__Action item__: The job is to output exactly the lines that run from the start of the entries through the line containing "Deputy Commissioner Saba", pictures omitted.

__Records for the task__:

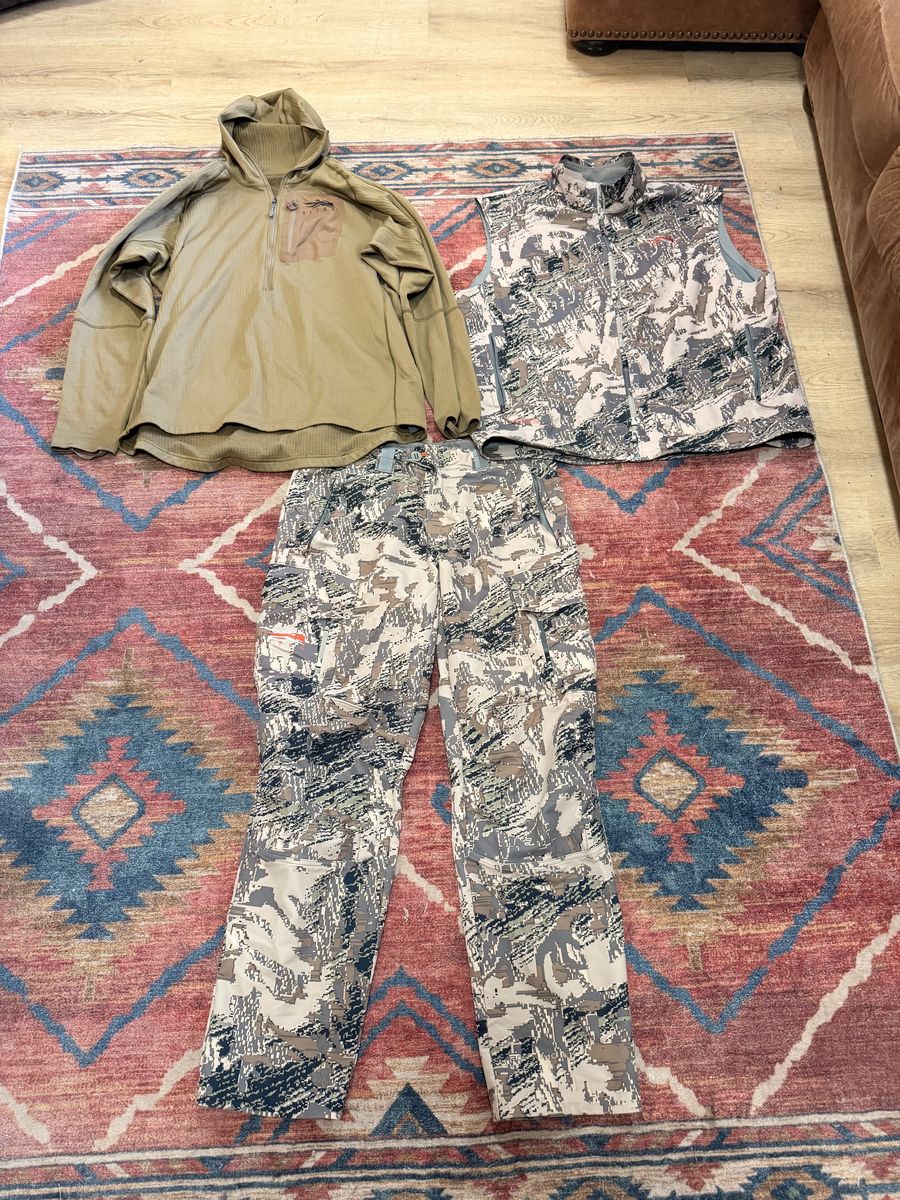 VenmoThis is a set of Sitka camo it’s a hoodie, vest, and pants. The heavyweight hoodie in solid tan XXL The mountain pants in subalpine 38 The mountain vest in subalpine XXL Ideally selling as a set but will sell individually
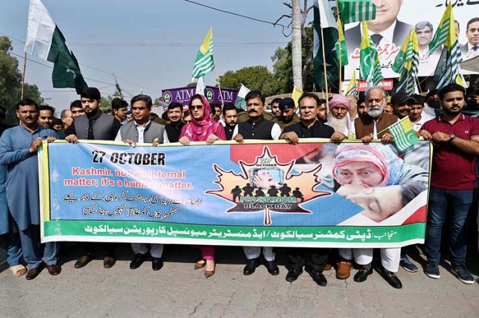 Deputy Commissioner Saba Asghar Ali leading a rally along with others to mark Kashmir Black Day.
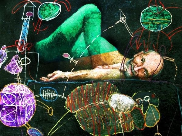 The Wounded Kirasser Leaving the Field of Battle was painted by Alexander Roitburd. Looking at it, I’m struck by the feeling that art-making is a process of excavation. The painting feels like it's uncovering layers, revealing a history of gestures and decisions. The paint here is thick, almost sculptural in places, and then scraped back, leaving ghostly traces. Note the way the artist renders the wounded man; a figure overwhelmed with symbolic forms. There’s something about the juxtaposition of the highly rendered face and loosely described body that grabs my attention. It feels as though the artist is trying to show us the inner turmoil of the subject. There is something of Francis Bacon in the way the picture plane is pushed and pulled, but also something playful about the way the artist uses line in a similar way to Basquiat. It feels like art is just an ongoing conversation. It is about embracing ambiguity and accepting that there isn't one correct meaning.
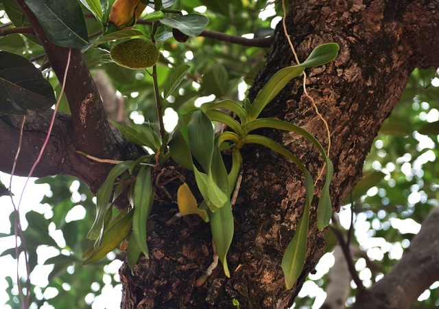 Trên thân cây mít có vô số loài lan quý sống tầm gửi, hoa nở quanh năm và tỏa hương ngào ngạt
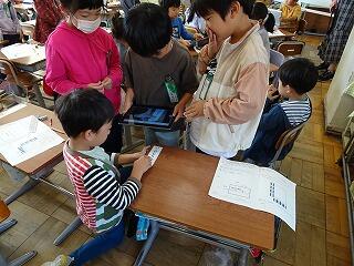 グループで考えたり、友達のところに集まって考えたりしていました。
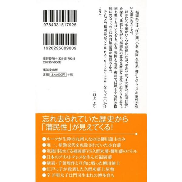 【商品説明】 定価(税込み):972円 値引き:5% OFF 現在の福岡県は、かつて複数の藩から成り立っていた。当然、それぞれにお国柄も異なり、それは現在でも受け継がれている。本書では、小倉・福岡・久留米・柳川という4大藩を、歴史・人物・文化・グルメなどの切り口で比較するかつてない藩対決スタイルの福岡県史。忘れ去られていた小さな歴史から「藩民性」が見えてくる! バーゲンブック 新品 特価 格安 歴史 地理 文化 民族 風習 グルメ | |
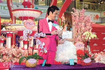 嘉穎跟Grace昨日獲邀首次以情侶檔拍住上“搵銀”,為商場賀年佈置揭幕。嘉穎穿上桃紅西裝跟白色性感Tube Dress的Grace相映成趣。兩人合照時不時深情對望,大曬恩愛。主持人打趣叫他們惜一惜,但兩人尷尬不肯就範,嘉穎說:“我們入後台培養一下感情先。”最終成功耍開要求,但始終避不開玩親密遊戲,Grace餵嘉穎食糖蓮藕,寓意甜甜蜜蜜、佳偶天成;兩人又十指緊扣合力入利市封,恍如結婚時的“玩新人”環節,嘉穎笑指比“玩新人”仁慈得多,但就拒絕惜惜,留待結婚當日才做。
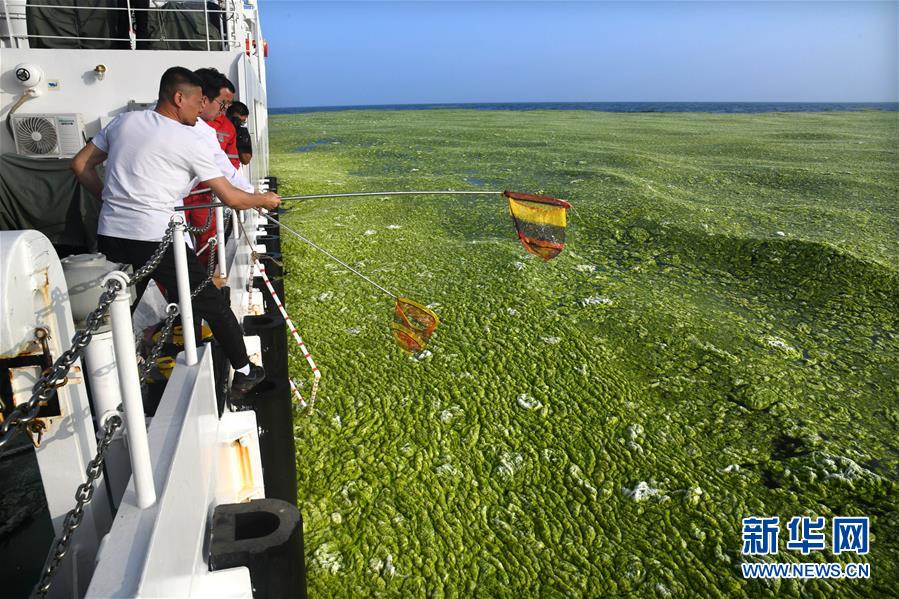 6月27日,自然资源部北海局海洋监测人员在打捞浒苔。新华社记者 李紫恒 摄
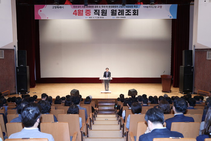 한편, 이날 월례조회에서 정태용 연세대 국제학대학원 교수가 ‘국내외 환경동향과 고양시 대응방향’을 주제로 특강을 진행했다.
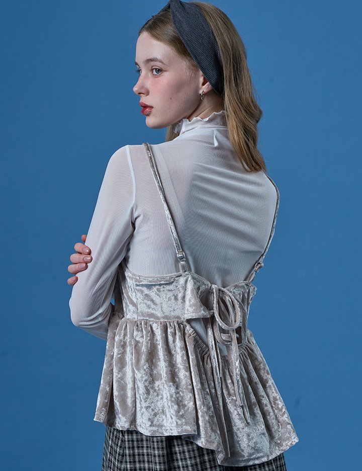 [콜릿] 레이어드 벨벳 끈나시 베스트 (CREAM) KCL.
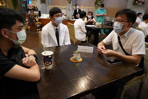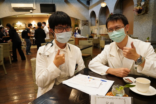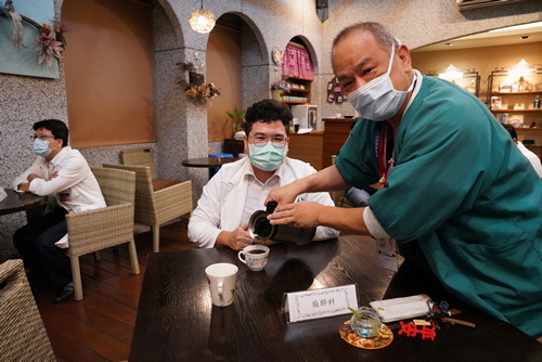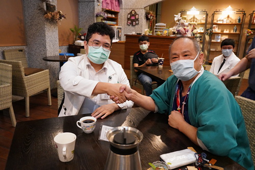 圖:麻醉部陸翔寧主任(右)親自為PGY翁宗睿倒上熱咖啡。
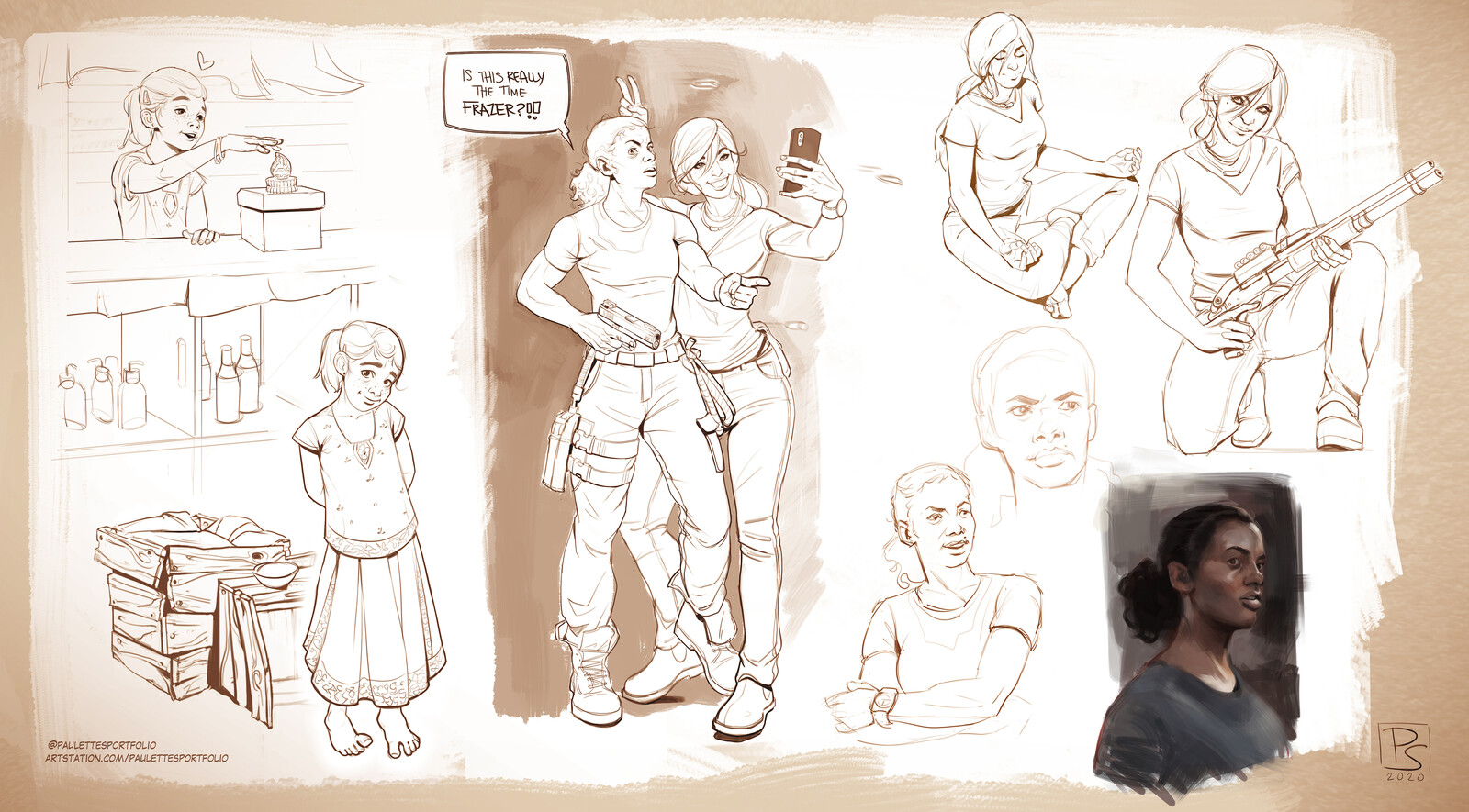 Been replaying a lot of games lately and I forgot how much I loved the Lost Legacy. Here are some sketches of the ladies in the game! Drawn in photoshop.
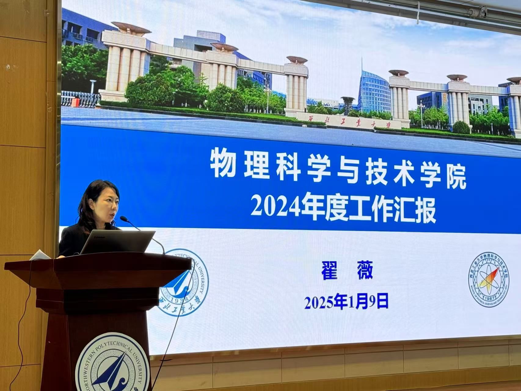会上,翟薇院长首先做了学院2024年度工作汇报。翟薇院长从学科建设、人才培养、科学研究、队伍建设等四个方面详细讲解了学院目标责任制完成情况,并对学院2025年重点工作目标进行了详细的阐述。她指出,在新的一年全院教职工要继续锚定学校“127”发展目标,以更高的标准、更务实的作风、更有力的措施推动各项任务落实落地,加快建设一流物理学院。

__Task answer__:
 VenmoThis is a set of Sitka camo it’s a hoodie, vest, and pants. The heavyweight hoodie in solid tan XXL The mountain pants in subalpine 38 The mountain vest in subalpine XXL Ideally selling as a set but will sell individually
 Deputy Commissioner Saba Asghar Ali leading a rally along with others to mark Kashmir Black Day.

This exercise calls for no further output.